Task to complete: Range to copy from the entries below: the line containing "Fig.1: Challenges of documenting with ELN." through the line containing "No Slippers / Strapless Sandals", inclusive. Retype only those lines, exactly, without any images.

Supplied information:
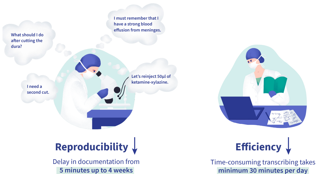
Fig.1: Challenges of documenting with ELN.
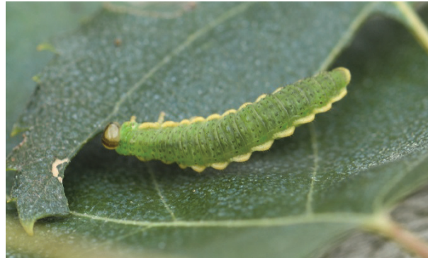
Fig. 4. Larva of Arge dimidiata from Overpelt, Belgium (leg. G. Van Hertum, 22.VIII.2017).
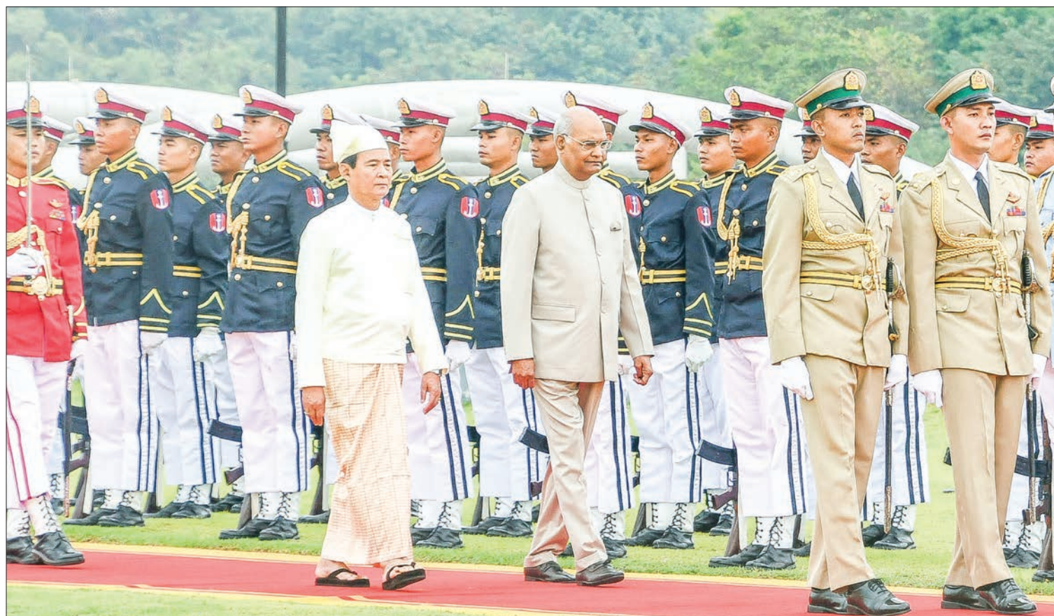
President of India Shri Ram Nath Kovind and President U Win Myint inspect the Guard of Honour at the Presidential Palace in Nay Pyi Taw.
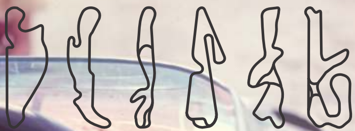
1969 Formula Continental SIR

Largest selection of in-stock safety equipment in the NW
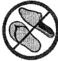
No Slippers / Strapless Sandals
==
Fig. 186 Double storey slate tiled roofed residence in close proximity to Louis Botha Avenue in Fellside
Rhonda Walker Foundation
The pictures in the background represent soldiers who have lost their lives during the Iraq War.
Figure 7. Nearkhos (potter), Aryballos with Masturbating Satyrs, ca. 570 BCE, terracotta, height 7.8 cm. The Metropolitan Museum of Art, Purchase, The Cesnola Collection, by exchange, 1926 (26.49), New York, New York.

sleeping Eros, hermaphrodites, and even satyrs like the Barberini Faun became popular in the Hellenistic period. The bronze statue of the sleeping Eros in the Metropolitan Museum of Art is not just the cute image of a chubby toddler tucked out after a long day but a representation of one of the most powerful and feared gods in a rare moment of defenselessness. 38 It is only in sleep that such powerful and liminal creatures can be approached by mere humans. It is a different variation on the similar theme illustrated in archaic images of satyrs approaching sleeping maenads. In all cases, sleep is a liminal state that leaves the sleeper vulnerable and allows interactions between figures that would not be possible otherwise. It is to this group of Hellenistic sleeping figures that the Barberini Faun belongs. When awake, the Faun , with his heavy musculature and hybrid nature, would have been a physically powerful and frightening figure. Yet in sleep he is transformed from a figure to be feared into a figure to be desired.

Written response:
Fig.1: Challenges of documenting with ELN.
Fig. 4. Larva of Arge dimidiata from Overpelt, Belgium (leg. G. Van Hertum, 22.VIII.2017).
President of India Shri Ram Nath Kovind and President U Win Myint inspect the Guard of Honour at the Presidential Palace in Nay Pyi Taw.
1969 Formula Continental SIR

Largest selection of in-stock safety equipment in the NW
No Slippers / Strapless Sandals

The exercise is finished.